**WORK TO BE COMPLETED**.
Below, locate the line that contains "Большие зеленые штормовые". Repeat exactly from that line to the line that contains "由客廳望向餐廳??筒蛷d公共", inclusive, leaving out the pictures.

**DATA IN THIS EXERCISE**.
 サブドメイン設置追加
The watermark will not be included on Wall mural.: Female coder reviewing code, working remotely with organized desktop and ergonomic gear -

* * *

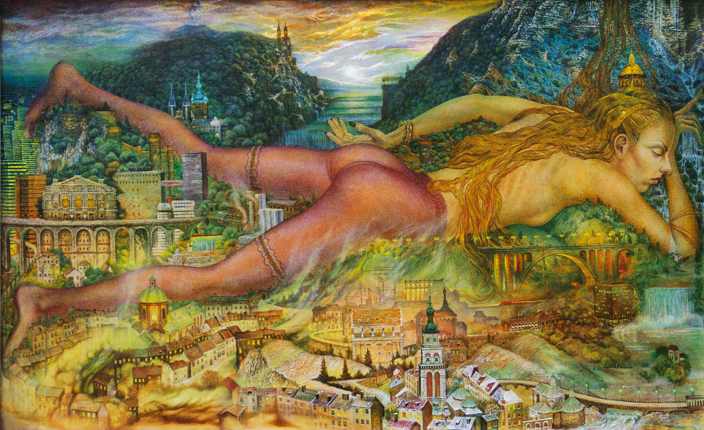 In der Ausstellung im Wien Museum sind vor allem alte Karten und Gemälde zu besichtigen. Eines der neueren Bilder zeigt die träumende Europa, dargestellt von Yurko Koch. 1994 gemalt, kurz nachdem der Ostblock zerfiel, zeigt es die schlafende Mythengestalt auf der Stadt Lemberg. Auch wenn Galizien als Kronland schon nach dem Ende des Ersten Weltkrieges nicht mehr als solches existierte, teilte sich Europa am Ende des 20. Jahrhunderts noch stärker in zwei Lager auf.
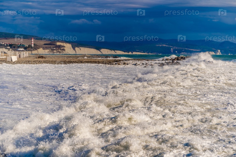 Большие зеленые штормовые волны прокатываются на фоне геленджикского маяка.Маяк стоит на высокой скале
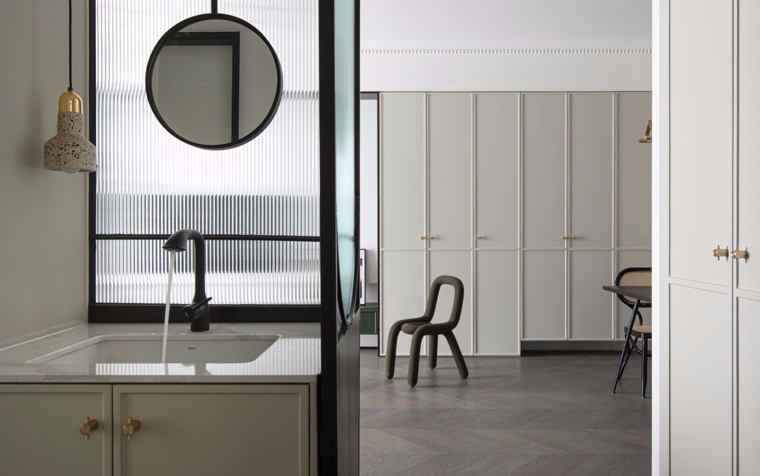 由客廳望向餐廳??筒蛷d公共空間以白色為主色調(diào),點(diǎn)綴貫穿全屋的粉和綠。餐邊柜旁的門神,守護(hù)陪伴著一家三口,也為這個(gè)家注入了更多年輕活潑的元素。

**EXERCISE RESPONSE**.
 Большие зеленые штормовые волны прокатываются на фоне геленджикского маяка.Маяк стоит на высокой скале
 由客廳望向餐廳??筒蛷d公共空間以白色為主色調(diào),點(diǎn)綴貫穿全屋的粉和綠。餐邊柜旁的門神,守護(hù)陪伴著一家三口,也為這個(gè)家注入了更多年輕活潑的元素。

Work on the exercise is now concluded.